No further charges in camp death
By CRAIG SCHNEIDER, JILL YOUNG MILLER
The Atlanta Journal-Constitution
Published on: 06/13/07
A North Georgia prosecutor said today he will no longer pursue any charges against the six workers charged with restraining and killing a boy at a state camp for troubled youth.
The decision by White County District Attorney Stan Gunter brings to an end a prosecution that has dragged on for two years, and run into several obstacles.
"There's nothing left to prosecute in the case," Gunter said.
His decision follows a pre-trial ruling on Friday by the judge in the case to dismiss the charges of felony murder and child cruelty against the camp workers, who have come under public condemnation and seen job opportunities disappear for the past two years.
The judge said the workers could not be prosecuted because they applied the restraint on 13-year-old Travis Parker as they had been trained, and consequently could not have known their actions could result in a crime.
Moreover, White County Superior Court Judge Lynn Akeley-Alderman concluded that Travis showed no outward signs during the restraint that his body was suffering.

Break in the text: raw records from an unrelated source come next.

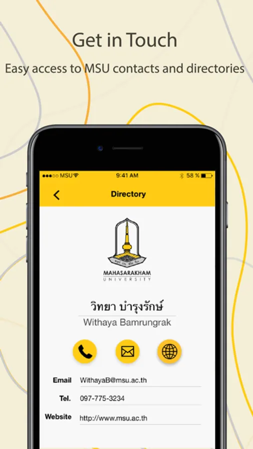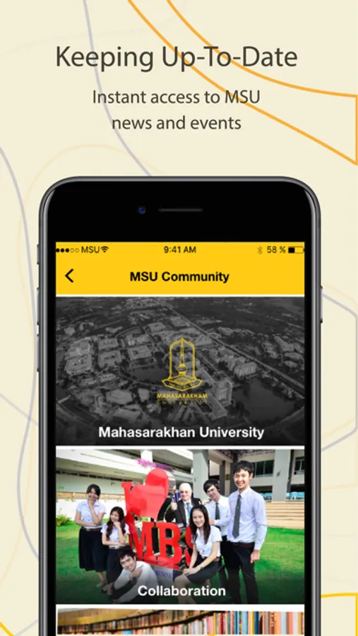 The application allows you to connect with the university anywhere anytime enabling you to stay up-to-date on any Mahasarakham University news and events and instantly allows you to access any required Mahasarakham University services on-the-go.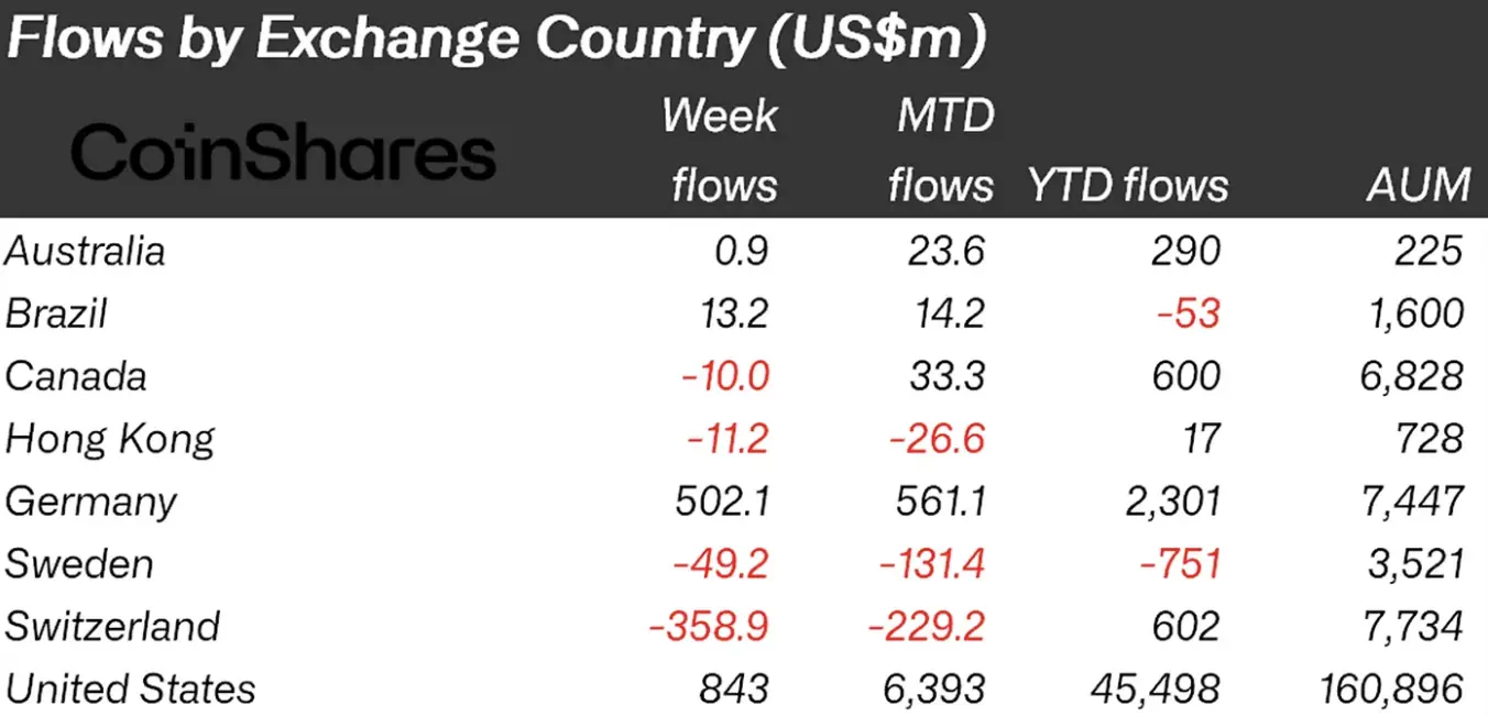 最近の報告によると、米国は$843 百万の流入で圧倒的な地位を占め、ドイツも$502 百万という強力な数字を記録し、これは同国の記録の中でも最大のものの一つです。それに対して、スイスは$359 百万の流出を見ましたが、これは主に資産移転によるものであり、売却圧力によるものではありません。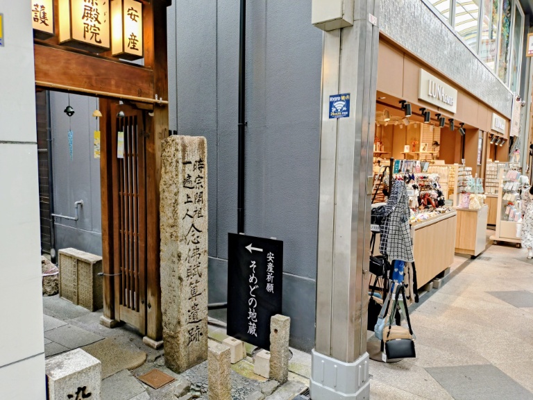この後は安産祈願の御利益があると評判の染殿院へ向かいます。四条通から新京極商店街に入ってすぐ左側です。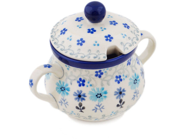 This Polish Pottery 7 oz Sugar Bowl - Baby Blue Garden is handmade and handpainted by the Ceramika Artystyczna factory in Boleslawiec, Poland.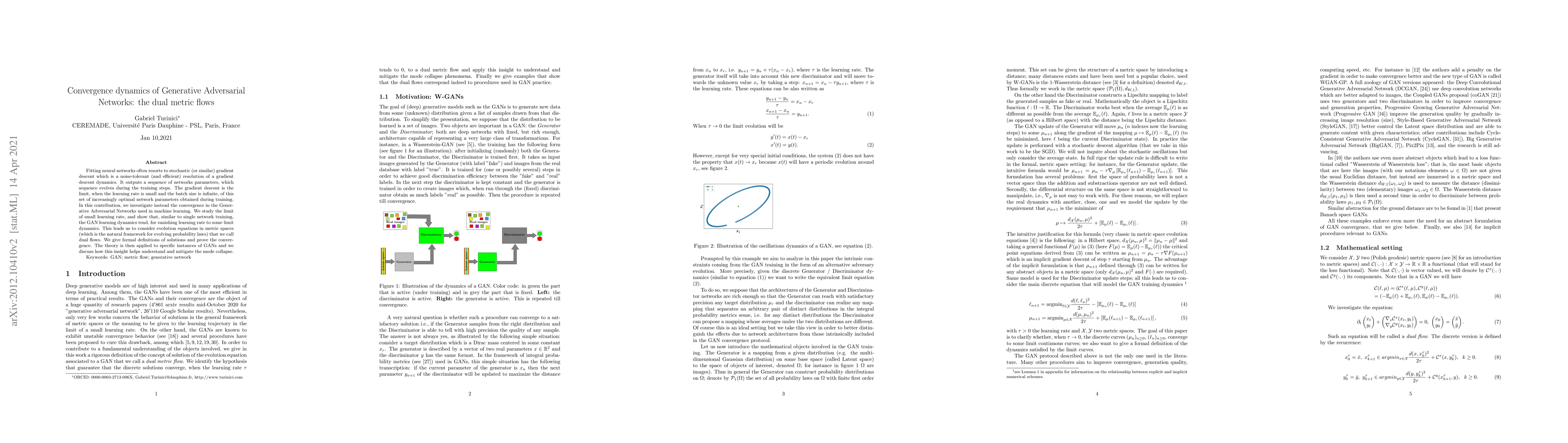 Fitting neural networks often resorts to stochastic (or similar) gradient descent which is a noise-tolerant (and efficient) resolution of a gradient descent dynamics. It outputs a sequence of networks parameters, which sequence evolves during the training steps. The gradient descent is the limit, when the learning rate is small and the batch size is infinite, of this set of increasingly optimal network parameters obtained during training. In this contribution, we investigate instead the convergence in the Generative Adversarial Networks used in machine learning. We study the limit of small learning rate, and show that, similar to single network training, the GAN learning dynamics tend, for vanishing learning rate to some limit dynamics. This leads us to consider evolution equations in metric spaces (which is the natural framework for evolving probability laws) that we call dual flows. We give formal definitions of solutions and prove the convergence. The theory is then applied to specific instances of GANs and we discuss how this insight helps understand and mitigate the mode collapse. Keywords: GAN; metric flow; generative network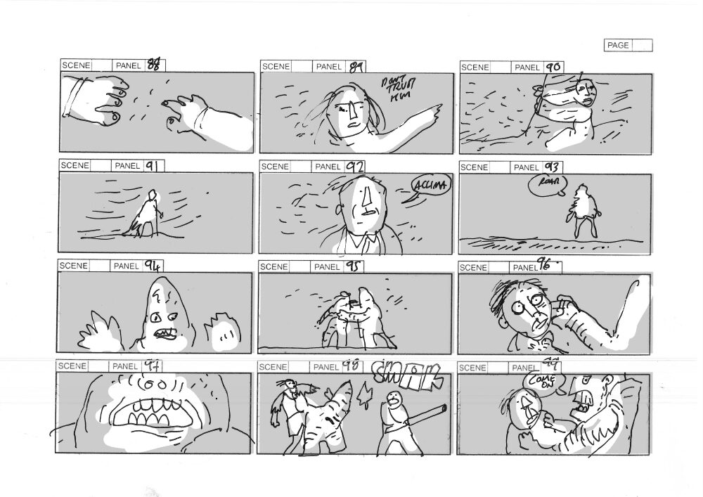 The script is always the first stage of any film, but his storyboarding – which might take up to a month of work – comes next. The script is then adapted to incorporate lessons His working process isn’t uniform. He uses standard printing paper, often with a six-square grid printed on, each representing a frame. Sometimes he uses a Rotring pen, other times a pencil. He uses Promarkers to effect shade, “not because it needs it, but it makes them look less scrappy.” On occasion he adds colour and half-tone in PhotoShop. Ideally he works at his desk, but “it can be done anywhere. I do it on the plane a lot.” For High-Rise, he produced 600 pages of storyboarding, for Meg 2, a much higher-budget production, he created over 3,000, many of which were worked up by film-industry illustrator Jake Lunt, the concept designer for numerous Star Wars movies.

Gunter, following the dismissal of all the charges, said today that he will not try to bring any other charges against the workers, a decision he has been mulling for several days.
"The judge's order left nothing to prosecute in the case," Gunter said.
Travis died in April of last year after being restrained for about 90 minutes at the Appalachian Wilderness Camp in North Georgia. He was held in a "full-basket" restraint by about three camp workers at a time.
The district attorney's decision closes the book on a legal ordeal for the six camp workers, who held fast to their innocence from the start. Their trials were set to start this month, but none of the six accepted plea bargains offered by the district attorney, at least one of which included no jail time.
Nancy Binford, the mother of former camp worker Paul Binford, said "Thank God" and burst into tears when she heard the news from a reporter. She and her husband, Mike, are "thankful that this ordeal is over," she said. "All six defendants are fine, compassionate, caring young men who have been unjustly treated for two years."
The case changed her 30-year-old son's path in life, she said. "Paul always wanted to be a child psychologist. He's a kid magnet. But he has changed his career goal. He wants to be a lawyer. He wants to help other innocent people get out from under charges like this that were unjustly imposed."
Paul Binford did not immediately return a phone call to his cell phone.
But the news stunned Golden Griffin, Travis' grandmother and guardian, into silence. After a long pause, she said, "I don't have any comment now."
Her lawyer, Harold Spence, said: "I am profoundly disappointed by this profound injustice. It's a shame that it appears that no one will be held accountable for Travis' death, and that the state medical examiner somehow provided the ammunition for the defense that Travis Parker was somehow the architect of his own death."
District Attorney Gunter, for his part, said that in the end he agreed that the charges against the camp workers - Ryan Chapman, Paul Binford, Mathew Desing, Torbin Vining, Johnny Harris and Phillip Elliott - be dropped. He said that as new evidence and testimony emerged in the case, it became clear that the workers were not guilty of the boy's death.
Particularly damaging to the prosecution was the pre-trial testimony of the medical examiner who performed the autopsy on the boy. Dr. Kris Sperry linked the death to the boy's prolonged resistance against the restraint. He said that if Travis had not struggled so long, he would not have died.
Today, Gunter said he blamed the boy's death on the state, asserting that the state agency that runs the camp did not properly train the camp workers in the potential dangers of the hold.
"The state of Georgia is at fault for Travis' death," he said.
The camp is run by the state Division of Mental Health, Developmental Disabilities and Addictive Diseases, an arm of the state Division of Human Resources.
Division spokeswoman Kenya Bello declined to comment today, saying, "It is not appropriate for us to comment on court matters."
The state DHR settled a lawsuit by the Parker family last October for $1.7 million, according to a family attorney.